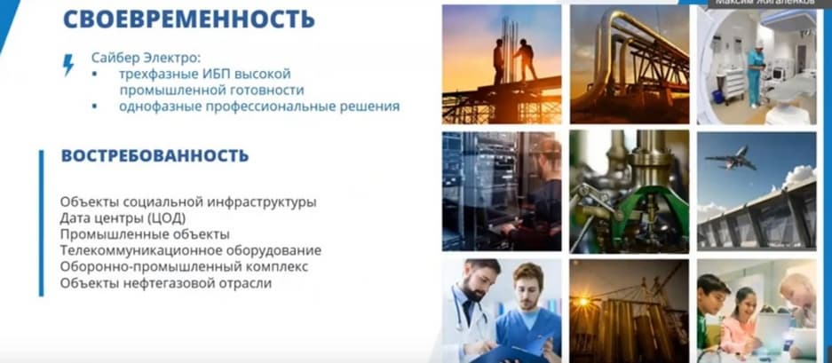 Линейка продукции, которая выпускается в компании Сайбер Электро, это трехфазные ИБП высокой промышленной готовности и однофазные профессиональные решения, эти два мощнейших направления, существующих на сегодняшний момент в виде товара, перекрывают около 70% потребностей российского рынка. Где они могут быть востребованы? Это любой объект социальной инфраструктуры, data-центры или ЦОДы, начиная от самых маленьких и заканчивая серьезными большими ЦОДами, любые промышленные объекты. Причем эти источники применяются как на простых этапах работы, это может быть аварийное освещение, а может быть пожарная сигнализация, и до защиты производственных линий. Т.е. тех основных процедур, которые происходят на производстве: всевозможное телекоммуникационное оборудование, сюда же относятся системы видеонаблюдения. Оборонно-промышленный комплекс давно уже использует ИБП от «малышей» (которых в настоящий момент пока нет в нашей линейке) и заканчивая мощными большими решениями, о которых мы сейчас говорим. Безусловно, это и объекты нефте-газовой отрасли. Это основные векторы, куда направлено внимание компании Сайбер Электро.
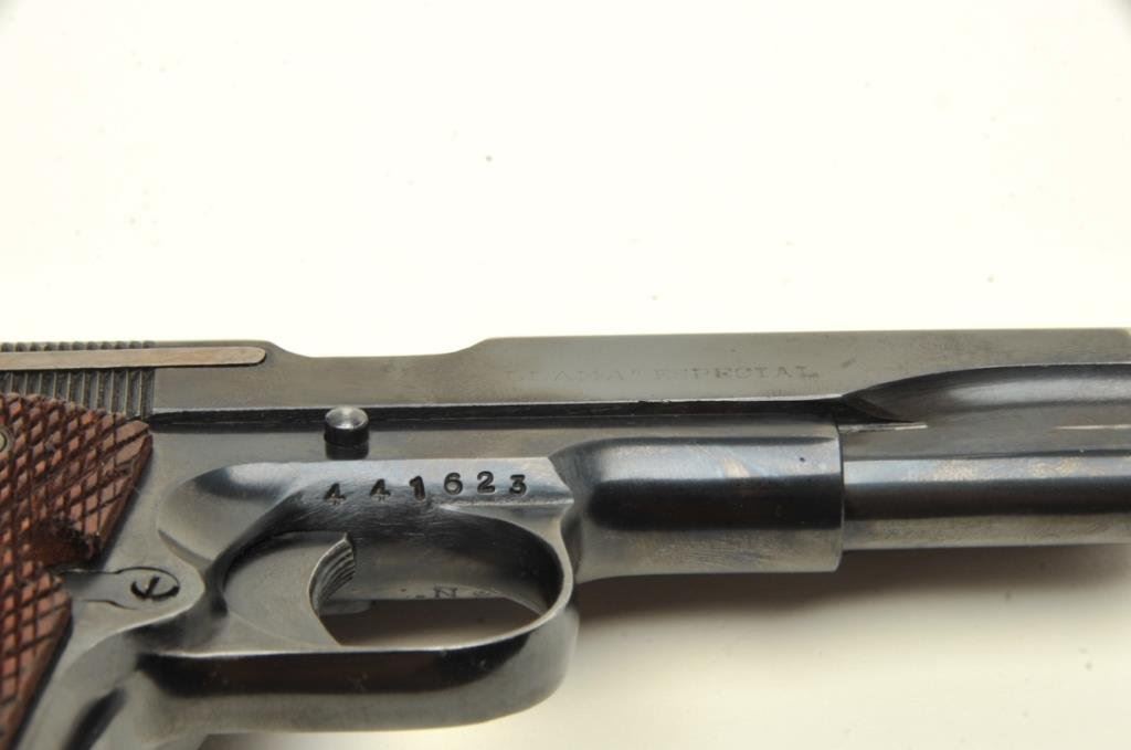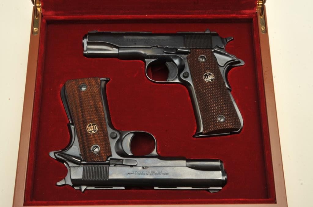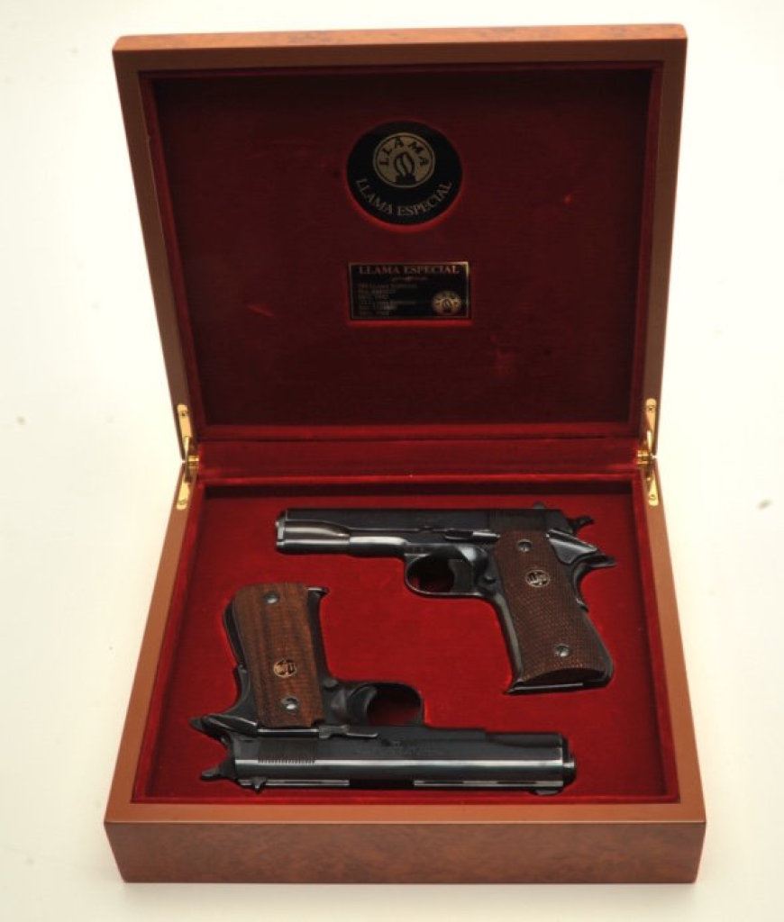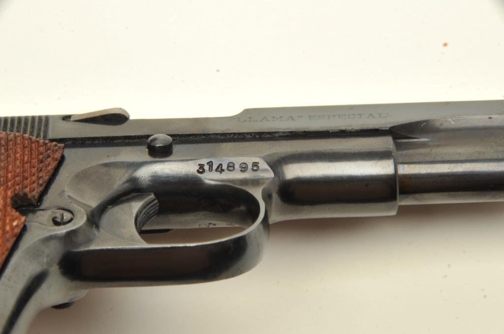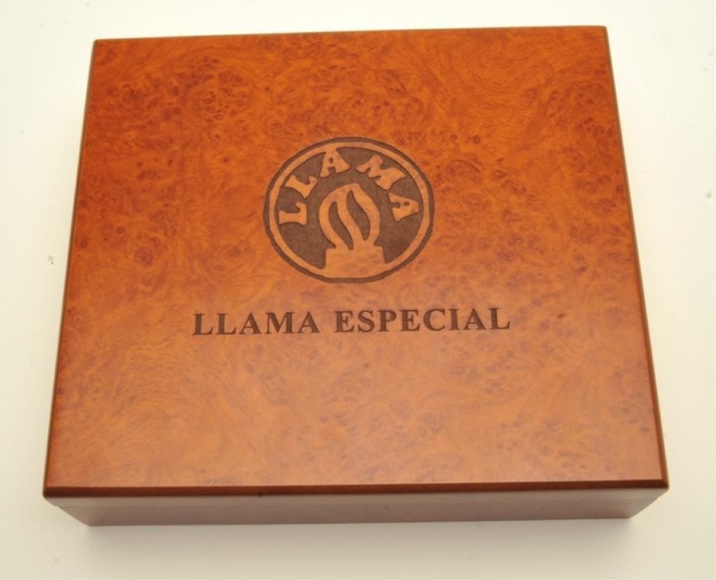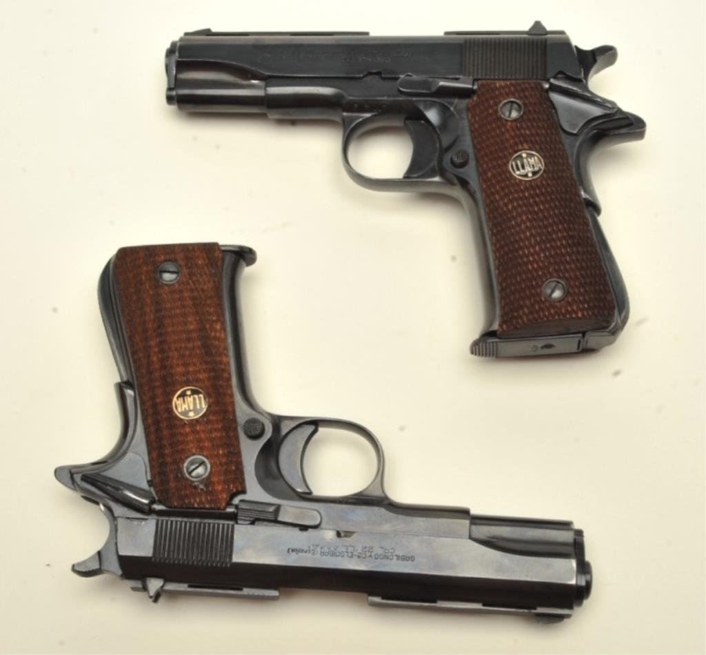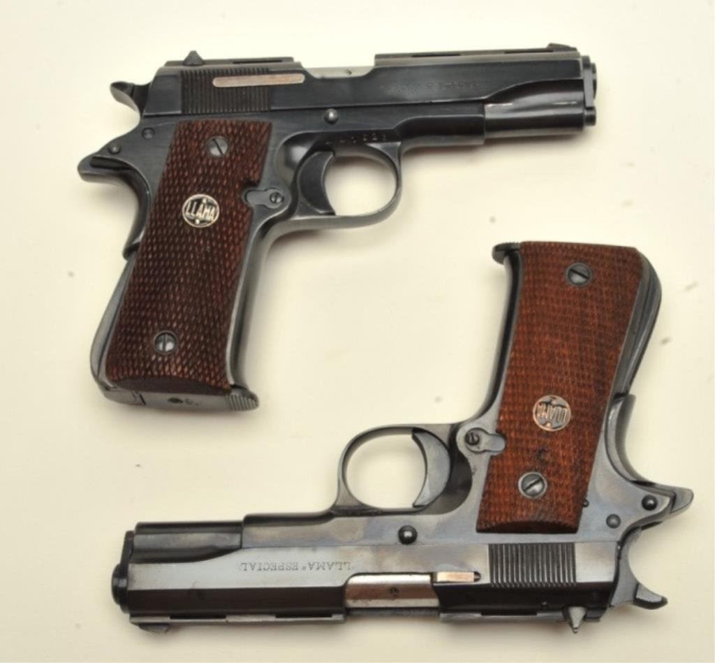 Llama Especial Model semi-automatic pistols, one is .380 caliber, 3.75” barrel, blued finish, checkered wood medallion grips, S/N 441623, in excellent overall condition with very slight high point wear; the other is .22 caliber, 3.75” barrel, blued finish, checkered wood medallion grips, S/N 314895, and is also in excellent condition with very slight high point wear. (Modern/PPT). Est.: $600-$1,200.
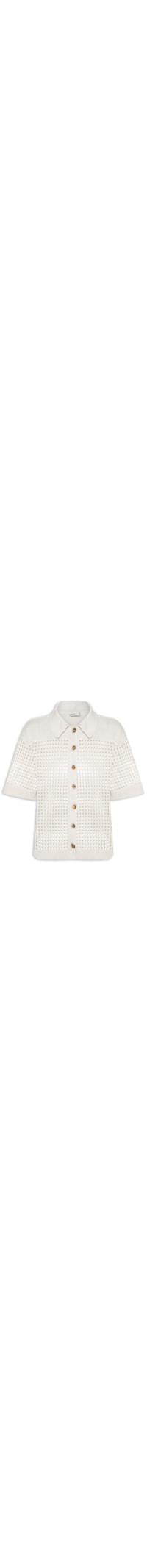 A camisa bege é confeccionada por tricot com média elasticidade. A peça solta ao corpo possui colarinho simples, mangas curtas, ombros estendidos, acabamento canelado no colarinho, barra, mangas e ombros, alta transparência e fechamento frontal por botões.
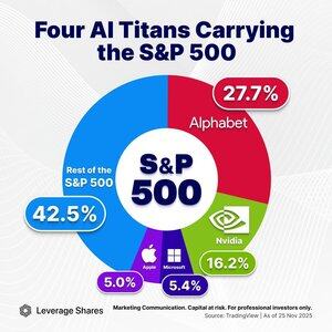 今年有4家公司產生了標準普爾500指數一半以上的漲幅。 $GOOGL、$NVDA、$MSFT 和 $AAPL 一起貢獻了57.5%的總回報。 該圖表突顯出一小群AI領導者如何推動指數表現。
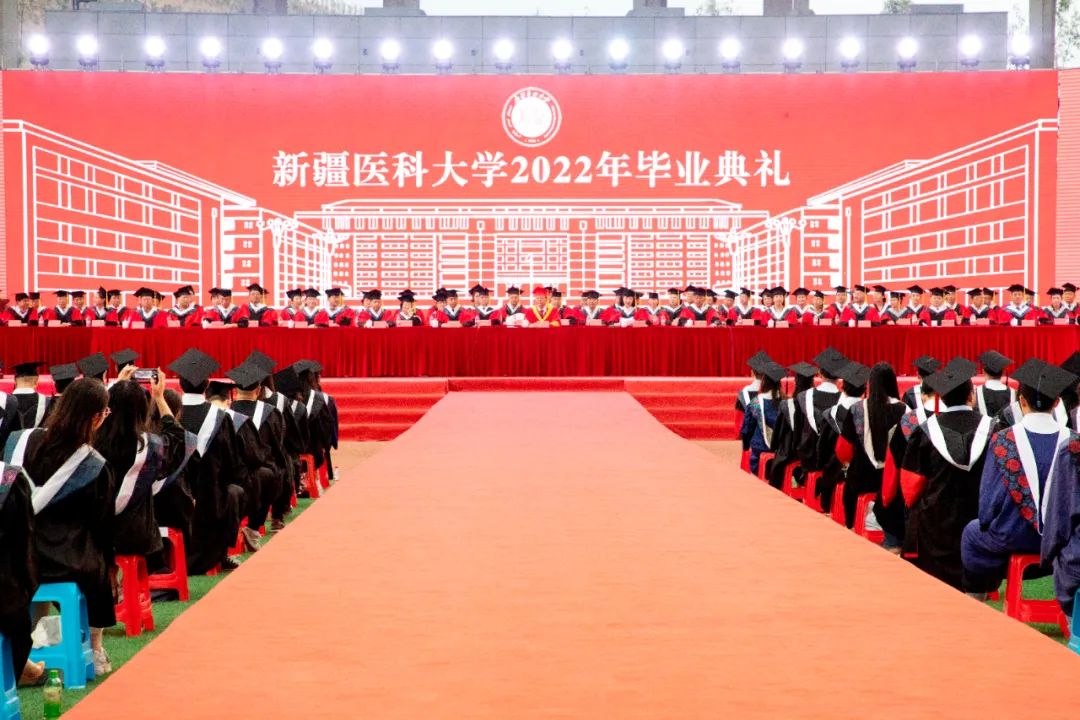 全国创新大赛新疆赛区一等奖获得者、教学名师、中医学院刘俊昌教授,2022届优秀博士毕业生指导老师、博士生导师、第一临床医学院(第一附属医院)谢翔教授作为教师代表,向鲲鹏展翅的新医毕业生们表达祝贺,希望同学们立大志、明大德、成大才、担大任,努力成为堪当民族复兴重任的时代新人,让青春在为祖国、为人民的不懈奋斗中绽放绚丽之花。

|---|

[WORK ORDER] Word-for-word transcription: the whole listing, with images excluded.

[SOLUTION FOR THIS PROBLEM]
 Линейка продукции, которая выпускается в компании Сайбер Электро, это трехфазные ИБП высокой промышленной готовности и однофазные профессиональные решения, эти два мощнейших направления, существующих на сегодняшний момент в виде товара, перекрывают около 70% потребностей российского рынка. Где они могут быть востребованы? Это любой объект социальной инфраструктуры, data-центры или ЦОДы, начиная от самых маленьких и заканчивая серьезными большими ЦОДами, любые промышленные объекты. Причем эти источники применяются как на простых этапах работы, это может быть аварийное освещение, а может быть пожарная сигнализация, и до защиты производственных линий. Т.е. тех основных процедур, которые происходят на производстве: всевозможное телекоммуникационное оборудование, сюда же относятся системы видеонаблюдения. Оборонно-промышленный комплекс давно уже использует ИБП от «малышей» (которых в настоящий момент пока нет в нашей линейке) и заканчивая мощными большими решениями, о которых мы сейчас говорим. Безусловно, это и объекты нефте-газовой отрасли. Это основные векторы, куда направлено внимание компании Сайбер Электро.
 Llama Especial Model semi-automatic pistols, one is .380 caliber, 3.75” barrel, blued finish, checkered wood medallion grips, S/N 441623, in excellent overall condition with very slight high point wear; the other is .22 caliber, 3.75” barrel, blued finish, checkered wood medallion grips, S/N 314895, and is also in excellent condition with very slight high point wear. (Modern/PPT). Est.: $600-$1,200.
 A camisa bege é confeccionada por tricot com média elasticidade. A peça solta ao corpo possui colarinho simples, mangas curtas, ombros estendidos, acabamento canelado no colarinho, barra, mangas e ombros, alta transparência e fechamento frontal por botões.
 今年有4家公司產生了標準普爾500指數一半以上的漲幅。 $GOOGL、$NVDA、$MSFT 和 $AAPL 一起貢獻了57.5%的總回報。 該圖表突顯出一小群AI領導者如何推動指數表現。
 全国创新大赛新疆赛区一等奖获得者、教学名师、中医学院刘俊昌教授,2022届优秀博士毕业生指导老师、博士生导师、第一临床医学院(第一附属医院)谢翔教授作为教师代表,向鲲鹏展翅的新医毕业生们表达祝贺,希望同学们立大志、明大德、成大才、担大任,努力成为堪当民族复兴重任的时代新人,让青春在为祖国、为人民的不懈奋斗中绽放绚丽之花。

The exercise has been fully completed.